### WORK REQUIRED:
Only the pictures are to be left out; write out the rest of the data exactly.

### GIVEN INFORMATION:
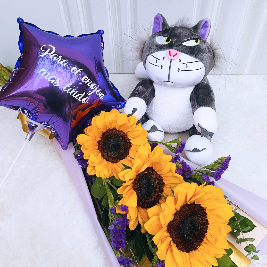 Pack Ramo Girasoles + Gato Gruñon. Trío de Girasoles seleccionados con ramo alto y peluche...
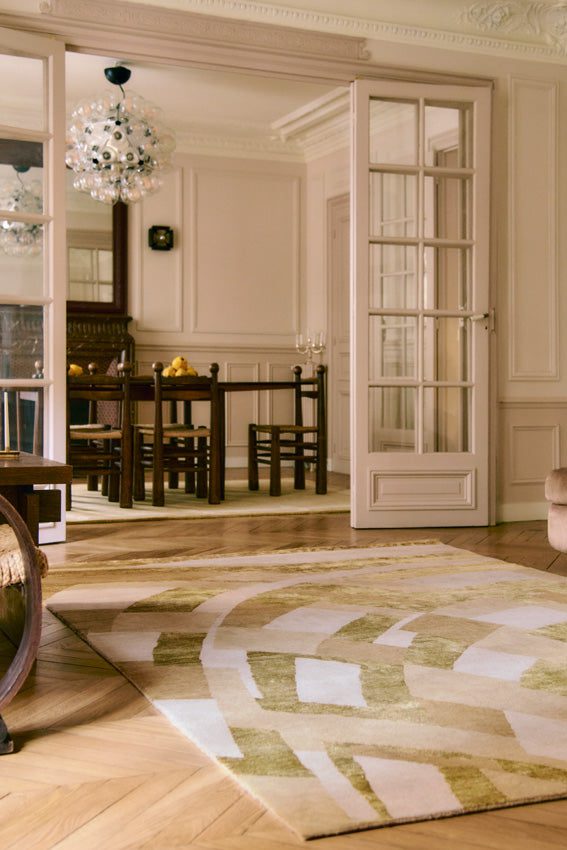 Le Byzance Or, création d’exception signée Léa Zéroil pour Toulemonde Bochart, réinterprète l’opulence des palais ottomans. Ce tapis brun en laine et soie végétale noué main incarne la rencontre entre l’artisanat traditionnel et le design contemporain.
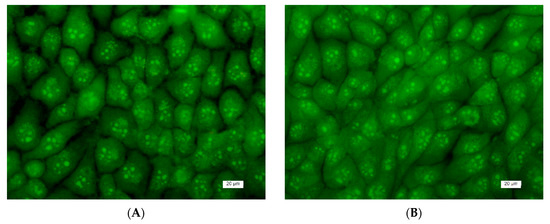 HeLa cells, SH-4 cells, or mouse BALB/c 3T3 fibroblasts (1 × 105 cells/well) were plated on glass lamellas, placed on the bottom of 24-well plates, at a concentration of 2 × 105 cells mL−1, and incubated at 37 °C for 24 h in a CO2 incubator to form a monolayer. After that, the samples were placed in 24-well plates for a further 24 h of incubation. Then, the mats were removed, and glass lamellas were washed twice with phosphate-buffered saline (PBS, pH 7.4) to remove unattached cells, they were stained with AO and EtBr in the ratio of 1:1 (10 μg/mL), and they were then immediately examined with a fluorescence microscope (Leika DM 5000B, Wetzlar, Germany) within 30 min, before the fluorescence had started to fade away.

### WRITTEN RESPONSE:
 Pack Ramo Girasoles + Gato Gruñon. Trío de Girasoles seleccionados con ramo alto y peluche...
 Le Byzance Or, création d’exception signée Léa Zéroil pour Toulemonde Bochart, réinterprète l’opulence des palais ottomans. Ce tapis brun en laine et soie végétale noué main incarne la rencontre entre l’artisanat traditionnel et le design contemporain.
 HeLa cells, SH-4 cells, or mouse BALB/c 3T3 fibroblasts (1 × 105 cells/well) were plated on glass lamellas, placed on the bottom of 24-well plates, at a concentration of 2 × 105 cells mL−1, and incubated at 37 °C for 24 h in a CO2 incubator to form a monolayer. After that, the samples were placed in 24-well plates for a further 24 h of incubation. Then, the mats were removed, and glass lamellas were washed twice with phosphate-buffered saline (PBS, pH 7.4) to remove unattached cells, they were stained with AO and EtBr in the ratio of 1:1 (10 μg/mL), and they were then immediately examined with a fluorescence microscope (Leika DM 5000B, Wetzlar, Germany) within 30 min, before the fluorescence had started to fade away.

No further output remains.